After all, we are their bosses, right? We pay their salaries, we fund their programmes and we can fire them if they don’t work on our behalf.

But that’s not working. Take the e-tolling thing.

We all know that infrastructure must be paid for, but as has been clearly stated, many of us have issues with how this deal works – the enormous amount it costs to collect the tolls (and police unpaid tolls), money leaving South Africa to enrich others rather than being ploughed back into our own country, with that faint, ineffable scent that might hint at corruption, with the lack of adequate consultation and transparency…

And over and over again, the South African National Roads Agency Ltd spokespeople, patronising noses in the air, accuse us of not understanding that roads must be paid for.
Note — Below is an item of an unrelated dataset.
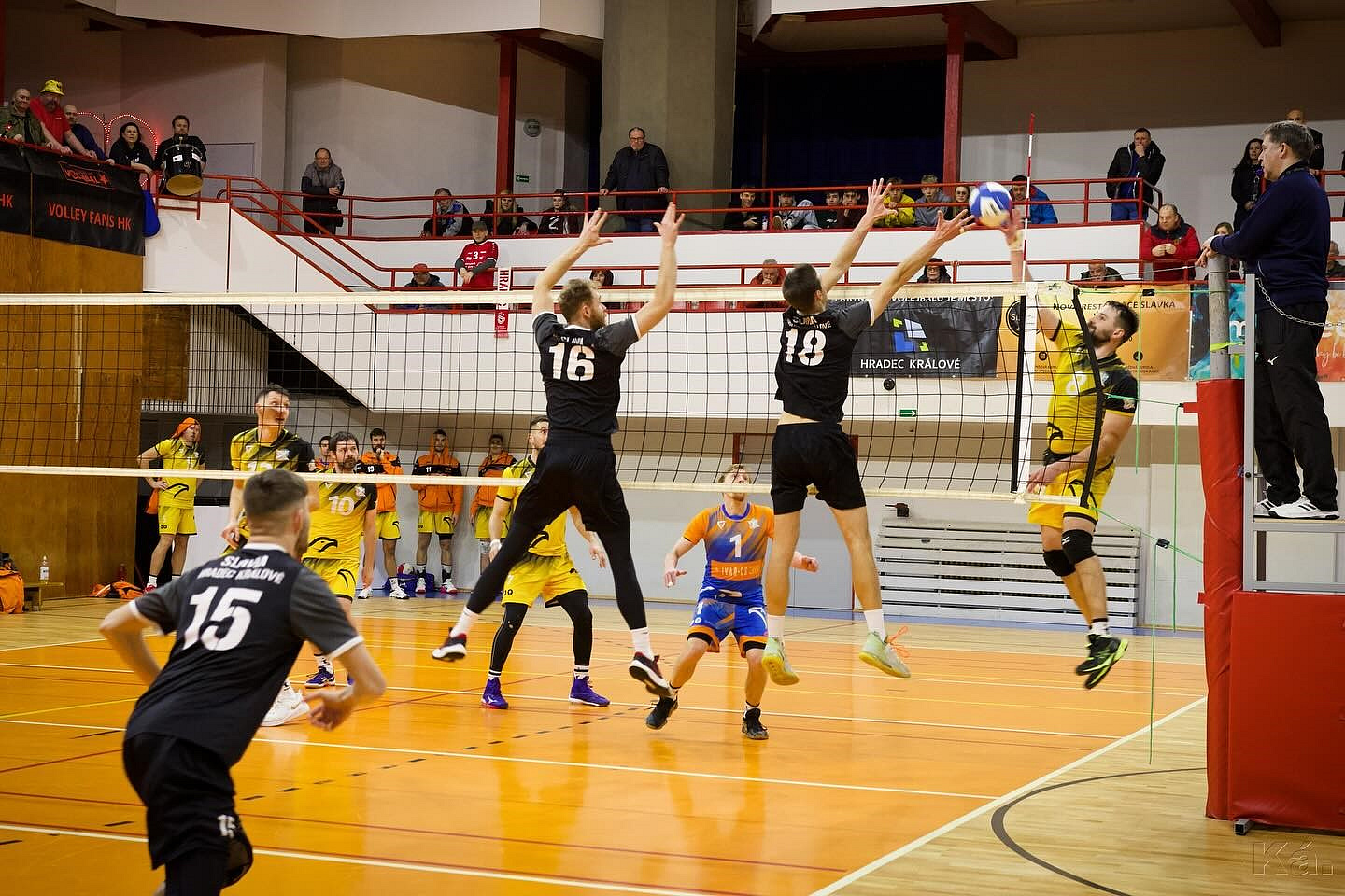 Třetí po základní částí byla Slavia Hradec Králové, o které se říká, že by o účast v ČEZ extralize měla enormní zájem. Hradečtí výrazně posílili příchodem Jiřího Kraffera, což se ukázalo již ve čtvrtfinálovém zápase Chance Českého poháru, kdy senzačně nepustili do Final Four Karlovarsko. Na soupisce mají i Jana Štokra, který sice pověsil již kecky na hřebík, ale proč by třeba nepomohl svému kamarádovi a hrajícímu trenérovi Slavie Aleši Holubcovi k postupu do baráže?
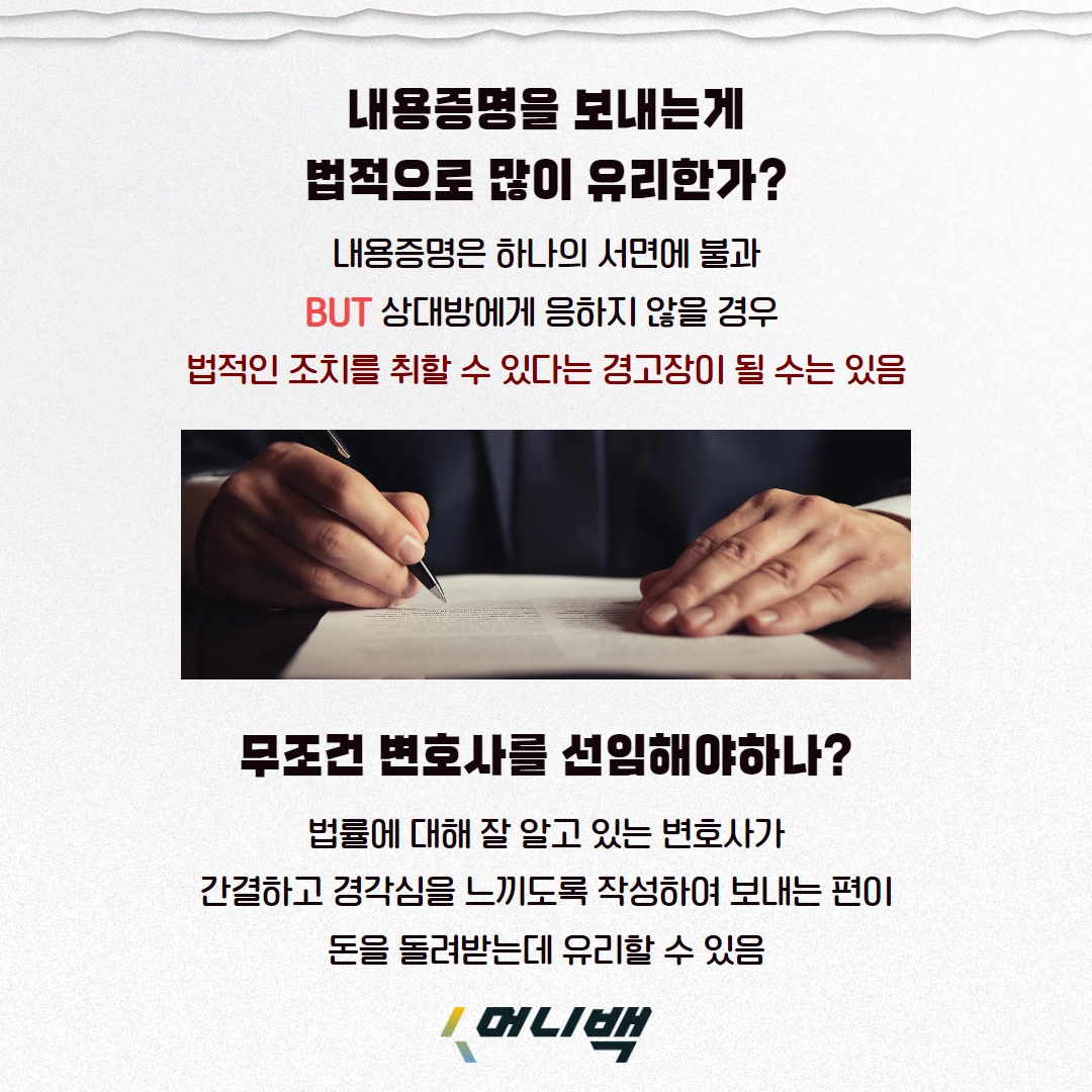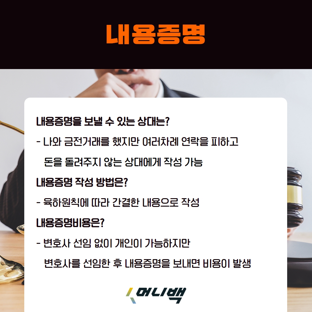 내용증명을 작성할 일이 있다면 머니백과 함께 하세요

Huh? Cue frustration! Why don’t you just listen and answer the questions we’re actually asking?

No wonder we feel like we’ve no say, no agency, no control…

PTB, would you listen to me? This has got to stop. You want a country with voomah, an economy firing on all cylinders, you can’t get it with a citizenry that’s sunk in depression. The bosses – moi and my fellow citizens – demand that you work on our behalf.

Not yours. Geddit?

 - Fin24

*Mandi Smallhorne is a versatile journalist and editor. Views expressed are her own.